Xenova/distilbert-base-cased-distilled-squad

This is a compact transformer model distilled from BERT and fine-tuned on the SQuAD v1.1 dataset, making it ideal for extractive question answering.

  • It does not generate new text — instead, it selects a span of text from a passage that best answers the question.
  • It runs entirely in-browser using Hugging Face’s transformers.js, a WebAssembly/WebGPU-powered library for client-side inference.
  • The QA functionality is built on the question-answering pipeline.

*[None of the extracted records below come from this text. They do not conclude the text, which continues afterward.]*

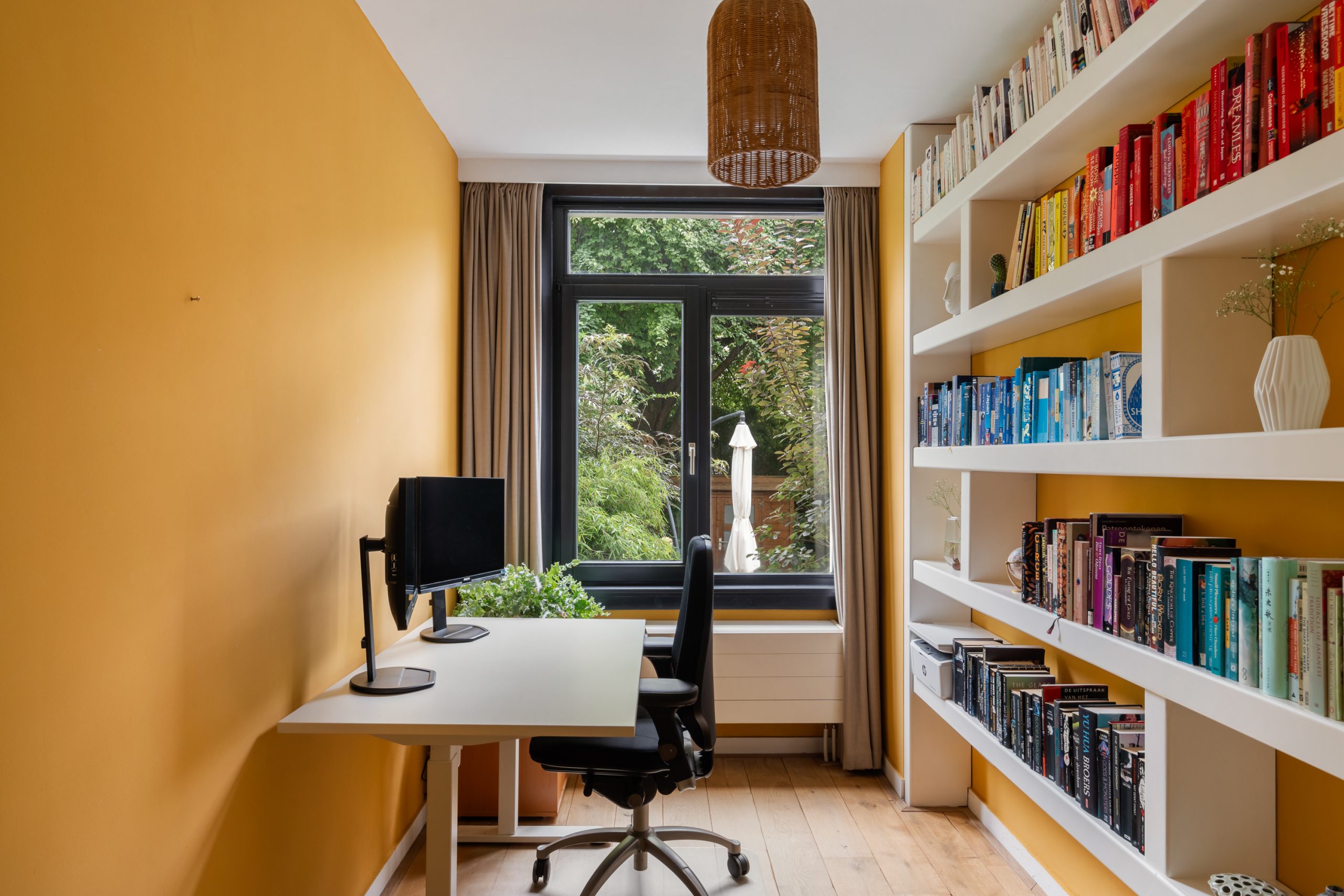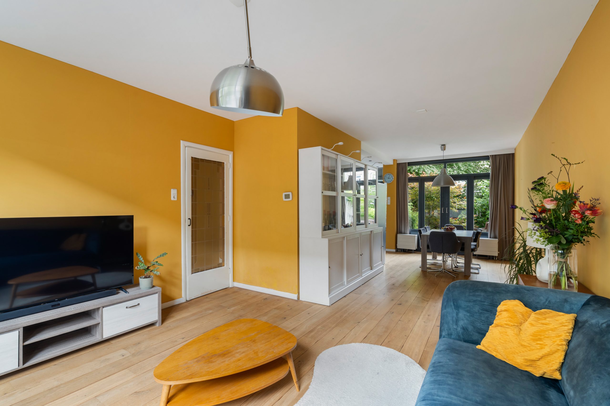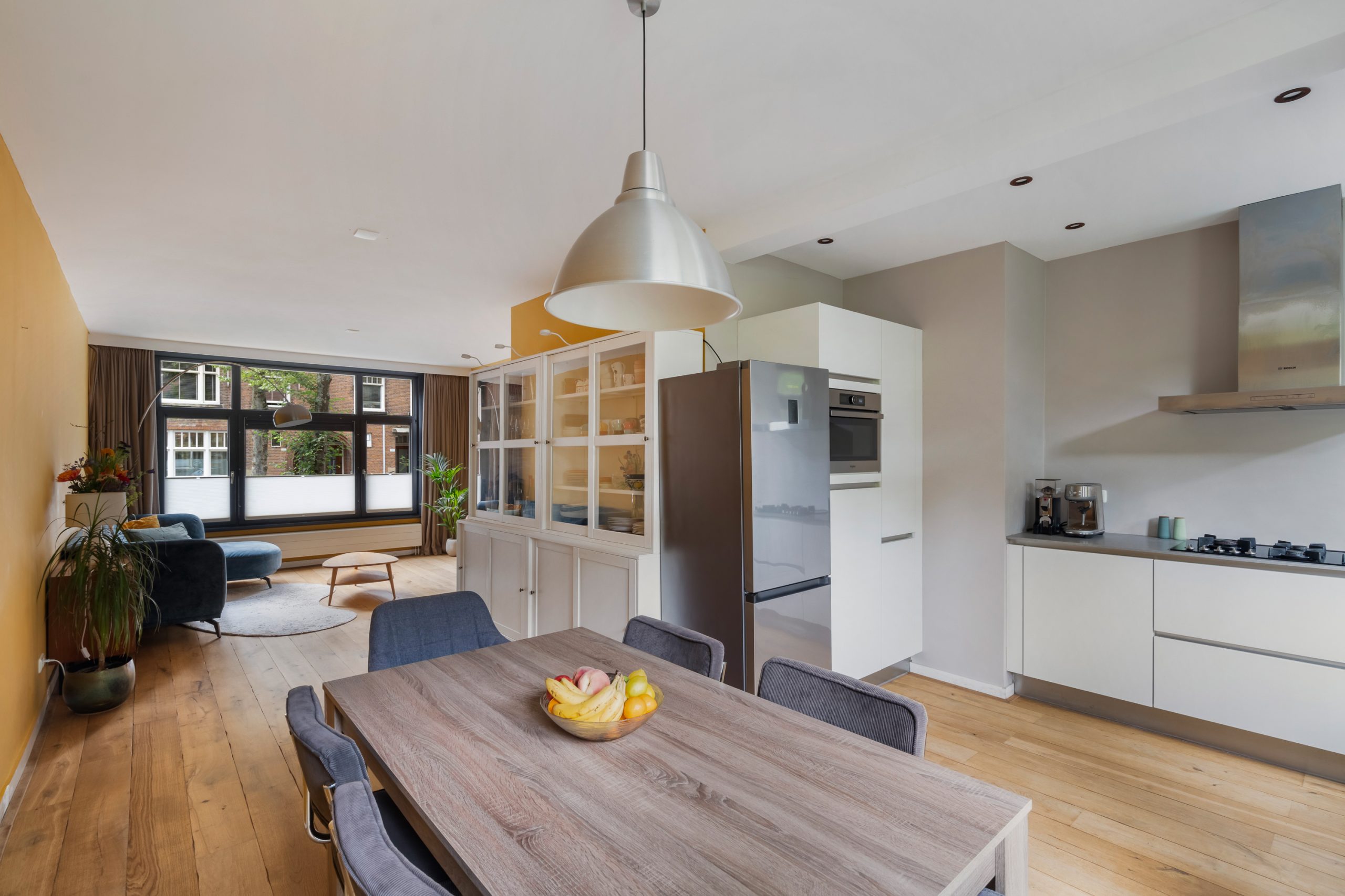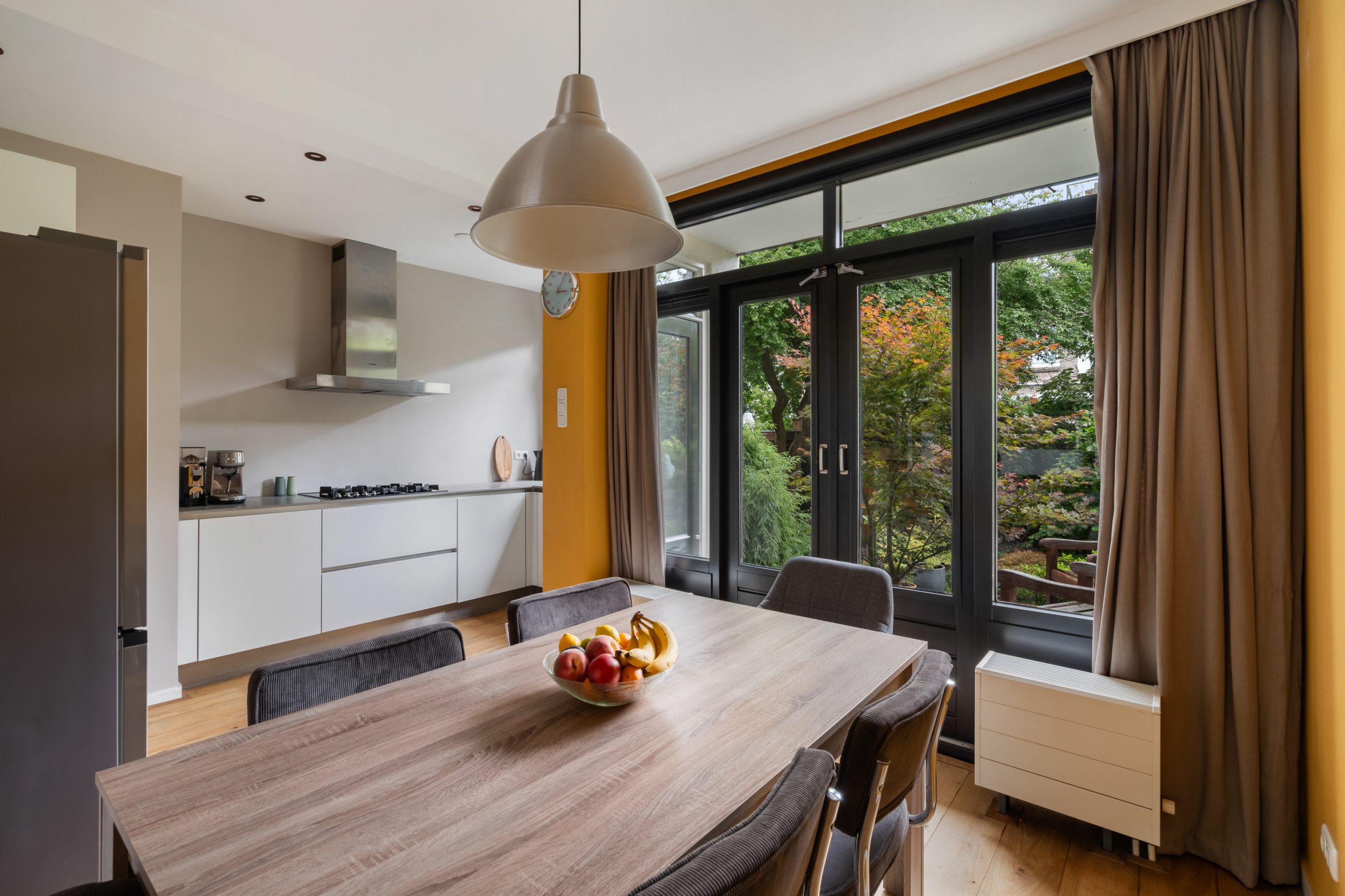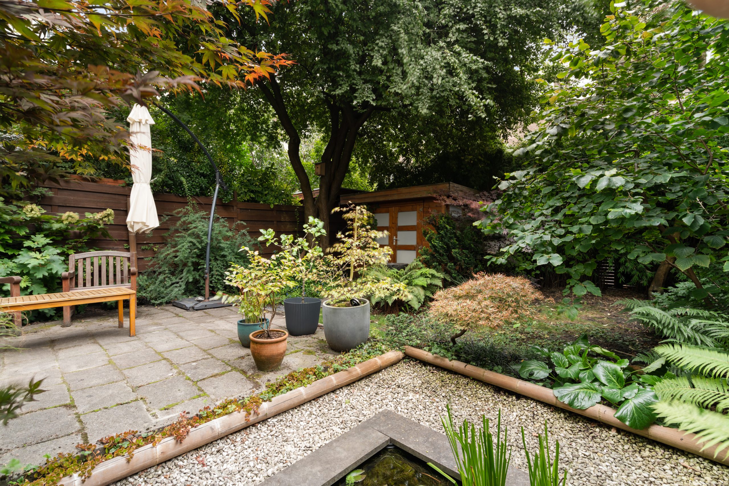 Hal/entree met tochtportaal en ruime hal naar alle vertrekken op deze verdieping. De woonkamer is gelegen aan de voorzijde, vanwaar je uitkijkt over de gezellige en groene straat. Aan de achterzijde bevindt zich de open keuken en het eetgedeelte. Door de open verbinding kun je tijdens het koken altijd in contact blijven met je gezelschap. De moderne keuken beschikt over diverse soorten inbouwapparatuur, zoals een 5-pits gasfornuis, afzuigkap, vaatwasser en oven. Middels openslaande deuren is er toegang tot het terras met een kleine trap naar de lager gelegen tuin. De riante achtertuin heeft een oppervlakte van maar liefst ca. 83 m2! Door de ligging op het zuiden en het ruime oppervlakte is er altijd een plek om heerlijk van de zon te kunnen genieten. Ook is er een vrijstaande houten berging, erg handig voor extra opbergruimte. Op de begane grond bevindt zich de 1e slaapkamer met 2 vaste kasten en uitzicht op de groene tuin. De nette badkamer is voorzien van een inloopdouche, wastafel, toilet en handdoekradiator.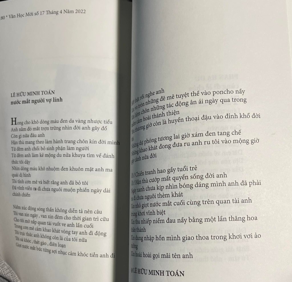 | NƯỚC MẮT NGƯỜI VỢ LÍNH Hong cho khô dòng máu đen da vàng nhược tiểu. Anh nằm đó, mắt trợn trừng nhìn đời anh gãy đổ. Còn gì nữa đâu anh. Hận thù mang theo làm hành trang chôn kín đời mình. Từ đêm anh chối bỏ sinh phận làm người. Từ đêm anh làm kẻ mộng du nửa khuya tìm về đánh thức tôi dậy. Nhìn dòng máu khô nhuộm đen khuôn mặt anh ma quái dị hình. Tôi tỉnh cơn mê và biết rằng anh đã bỏ tôi Đã Vĩnh viễn ra đi chưa nguôi muộn phiền ngày dài chính chiến Niềm xúc động sóng thần không diễn tả nên câu. Tôi van xin ngày, van xin đêm cho thời gian trì cữu. Cho tôi mở nắp quan tài vuốt ve anh lần cuối. Trong cơn mê cảm khao khát vòng tay anh di động. Tôi trực thức anh không còn là của tôinữa. Tôi oà khóc, thét gào, điên loạn. Giọt nước mắt bức từng sợi nhục cảm khóc tiễn anh đi… Hết thật rồi nghe anh. Xin vo tròn những đê mê tuyệt thế vào poncho này. Xin liệm chôn những tác động ân ái ngày qua trong niềm cảm hoài thánh thiện. Yêu thương giờ còn là huyền thoại đậu vào đỉnh khổ đời tôi Những dự phóng tương lai giờ xám đen tang chế Những khao khát đong đưa ru anh ru tôi vào mộng giờ gãy cánh nửa đời ..! Ôi! Chiến tranh hao gầy tuổi trẻ. Ôi! Hận thù cướp mất quyền sống đời anh. Ngày xanh chưa kịp nhìn bóng dáng mình anh đã phải ra đi chưa nguôi thèm khát. Xin nhỏ giọt nước mắt cuối cùng trên quan tài anh trùng khơi vĩnh biệt. Xin thu nhiếp niềm đau này bằng một lần thăng hoa thần thánh. Xin dung nhập hồn mình giao thoa trong khơi vơi ảo tưởng. Xin hoài hoài gọi mãi tên anh …!!! @ LÊ HỮU MINH TOÁN Houston- 14/ 3/ 2022 |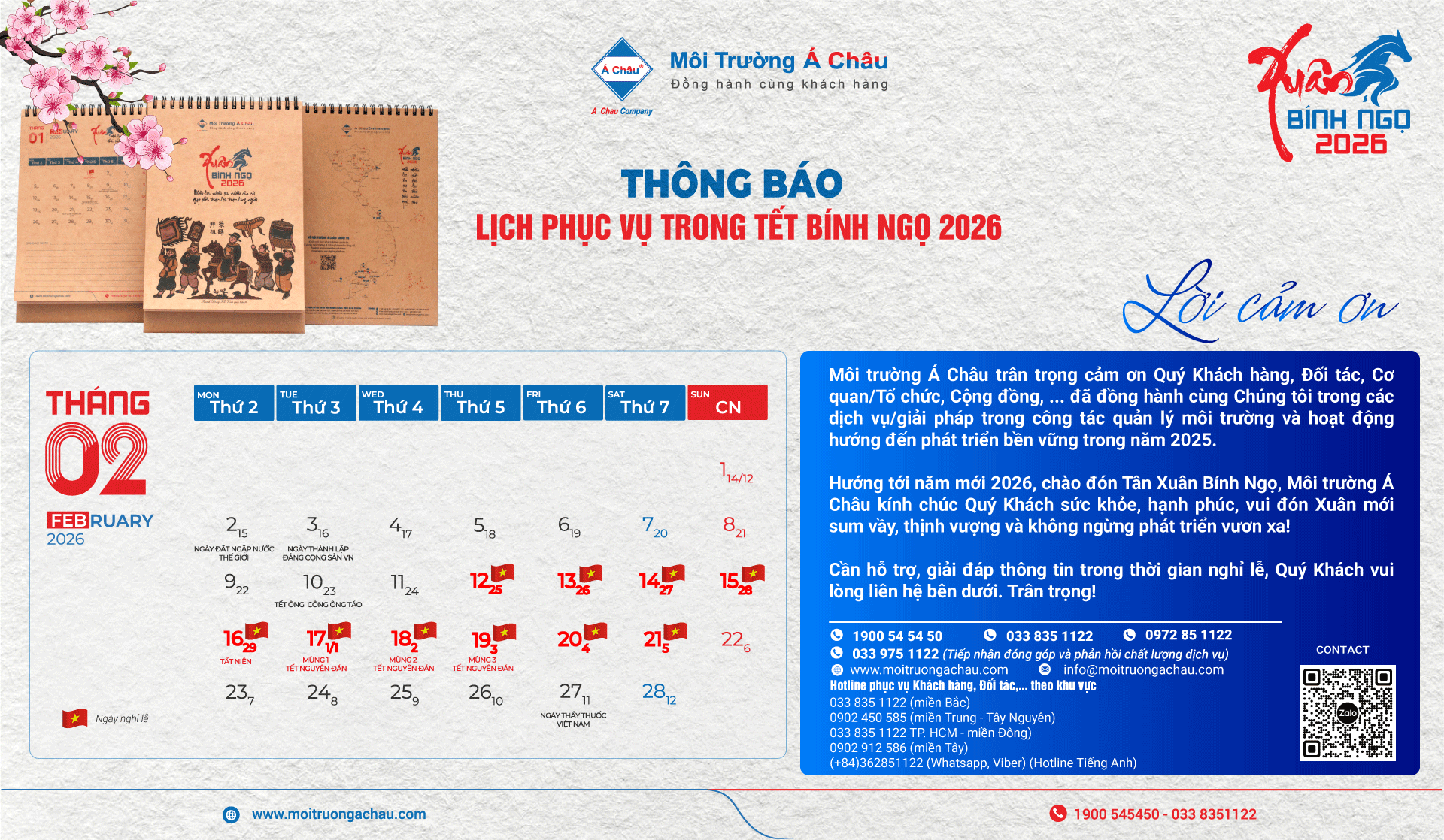 Hướng tới năm mới 2026, chào đón Tân Xuân Bính Ngọ, Môi trường Á Châu kính chúc Quý Khách sức khỏe, hạnh phúc, vui đón Xuân mới sum vầy, thịnh vượng và không ngừng phát triển vươn xa!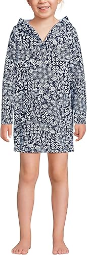 Lands' End Girls Terry Pullover Cover-up(Deep Sea Navy Floral Mix,Small)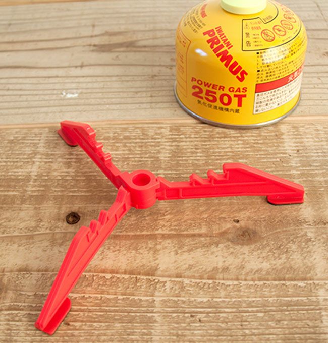 少しの凸凹地面なら安定感抜群。ガス缶直置きだとグラつくことも多かった為こんな物探してました。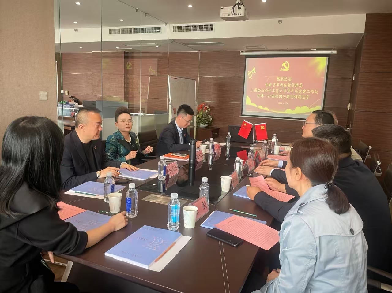 2024年4月26日,甘肅省市場監(jiān)督管理局小微企業(yè)個體工商戶專業(yè)市場黨建工作處侯巍處長與省、市、區(qū)、街道四級市場監(jiān)管局非公有制經(jīng)濟(jì)黨建處室相關(guān)負(fù)責(zé)人一行蒞臨國芳集團(tuán)黨委進(jìn)行調(diào)研指導(dǎo)并座談交流。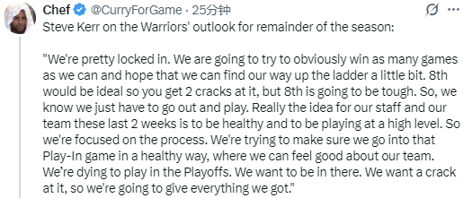 北京时间4月1日,勇士队主教练科尔接受媒体采访,表示勇士队要争取拿到西部第8,这样在附加赛中就能有两次晋级机会。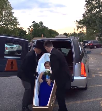 Megan Flaherty, 17 anni, del New Jersey, è arrivata al ballo di fine anno su un carro funebre. La ragazza, che da grande sogna di fare il becchino, è uscita da una bara aperta lasciando a bocca aperta i compagni della Pennsauken High School. Megan è stata bersagliata dalla critiche. Secondo alcuni, con il suo gesto, avrebbe deriso i morti. La madre della 17enne è scesa in campo per difenderla: “Non voleva offendere nessuno. Lei è così … Alcuni possono essere d’accordo sul fatto che sia divertente ….. altri non capiscono il significato dietro questo gesto. Megan ha deciso circa un anno fa che questo sarà il suo lavoro ‘da grande’. Non si tratta di mancanza di rispetto, voleva far sapere agli altri cosa farà dopo la laurea”.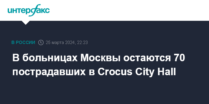 Москва. 25 марта. INTERFAX.RU - В московских больницах остаются 70 пострадавших в результате теракта в Crocus City Hall, в крайне тяжелом состоянии находятся четыре пациента, сообщил глава столичного депздрава Алексей Хрипун.
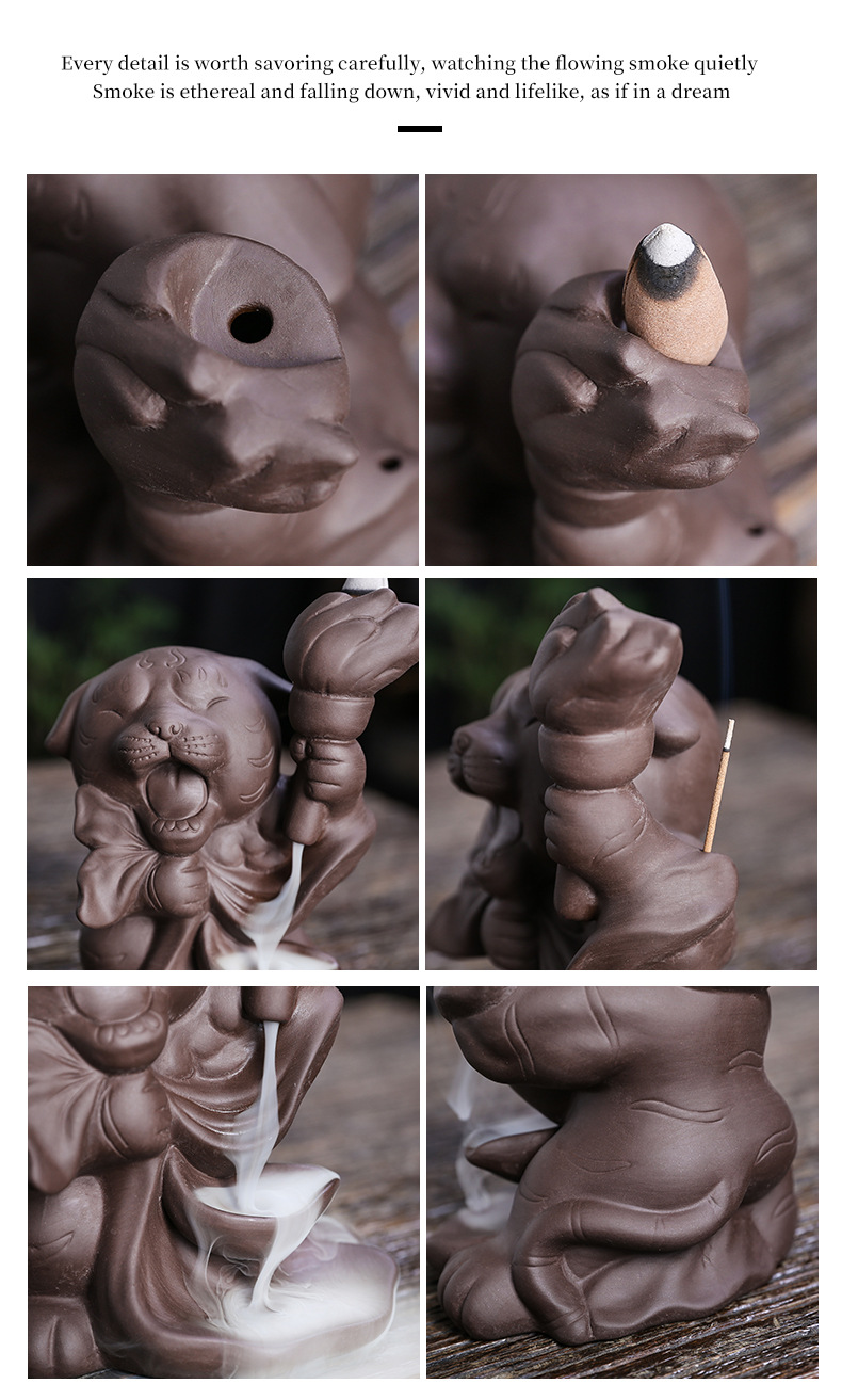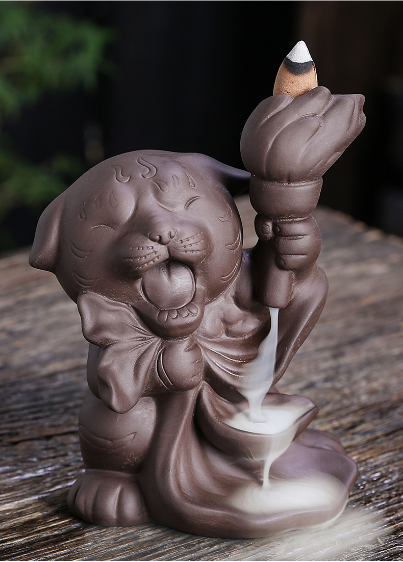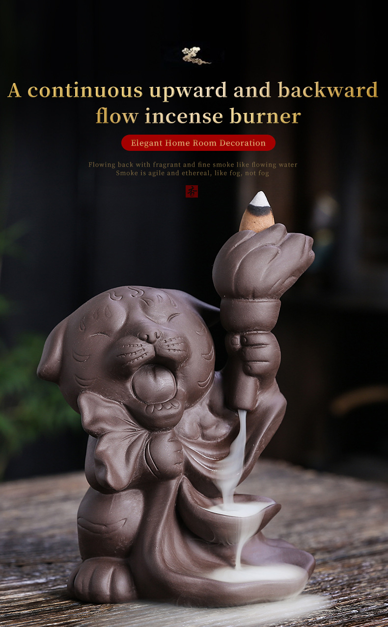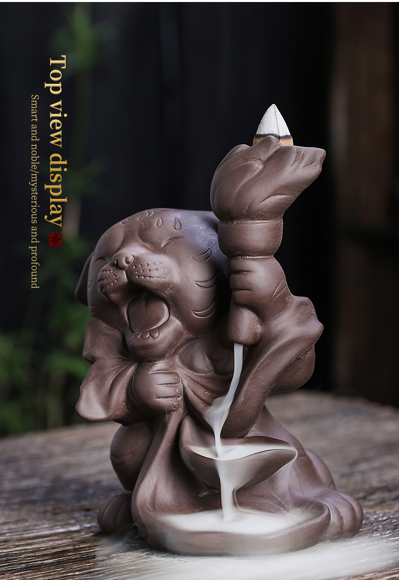 跨境紫砂家用桌面摆件倒流香炉创意老虎回流瀑布香薰炉工艺品摆件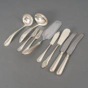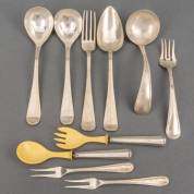 Paar 2e gehalte zilveren zuurvorkjes, meester: H. Hooijkaas, Schoonhoven, 1929, 2e gehalte zilveren botermesje, twee 2e gehalte zilveren sauslepels, twee 2e gehalte zilveren tafelmessen, Haags lofje, gegraveerde taartschep met 2e gehalte zilveren heft, puntfilet, en 3e gehalte zilveren vismes, brutogewicht 540 gram

This model was selected for its speed, size, and open availability — ideal for demo and learning purposes.

1
2
3
4
5
6
7
8
9
10
try {
const qa = await pipeline('question-answering', 'Xenova/distilbert-base-cased-distilled-squad');
const result = await qa(query,resultsText);
output.textContent = result.answer;
status.textContent = '✅ Done!';
} catch (err) {
output.textContent = '❌ Failed to generate response.';
status.textContent = '❌ LLM error.';
console.error(err);
}

System Flow

  1. User enters a natural language question
  2. A request is sent to a Netlify Function which forwards it to SerpAPI
  3. The top 3 search results (title + snippet) are extracted and concatenated
  4. The question + text are passed into the browser QA model
  5. The model returns a highlighted extractive answer from the search content
1
2
3
4
5
6
7
8
9
[ User Input ]  

[ Netlify Function ]

[ SerpAPI → Top 3 Snippets ]

[ QA Pipeline (transformers.js in browser) ]

[ Extracted Answer ]

Learning Outcomes

  • Understand the difference between extractive and generative RAG
  • Learn how to interact with live search APIs like SerpAPI
  • See how transformer models can run 100% in-browser using ONNX/WebAssembly
  • Grasp how real-world RAG tools combine multiple subsystems: retrieval, context merging, and inference

Next Steps for Learners

If you want to expand this idea:

  • Swap in a generative model like phi-2 or t5-small using the text2text-generation pipeline
  • Add a source citation mechanism by preserving links to original search snippets
  • Add a local document search using MiniSearch or transformers.js embeddings like our previous guide Minimum Viable RAG: Embeddings and Vector Search in the Browser with MiniLM
  • Tune stop tokens, temperature, and prompt structure for better output control

Conclusion

This project is a teaching tool, not a product. It illustrates how Retrieval-Augmented Generation can work at a small scale, using modern browser APIs, public search, and efficient transformer models.

It empowers new ML engineers, students, and tinkerers to understand how RAG systems are wired — and gives them a sandbox to explore.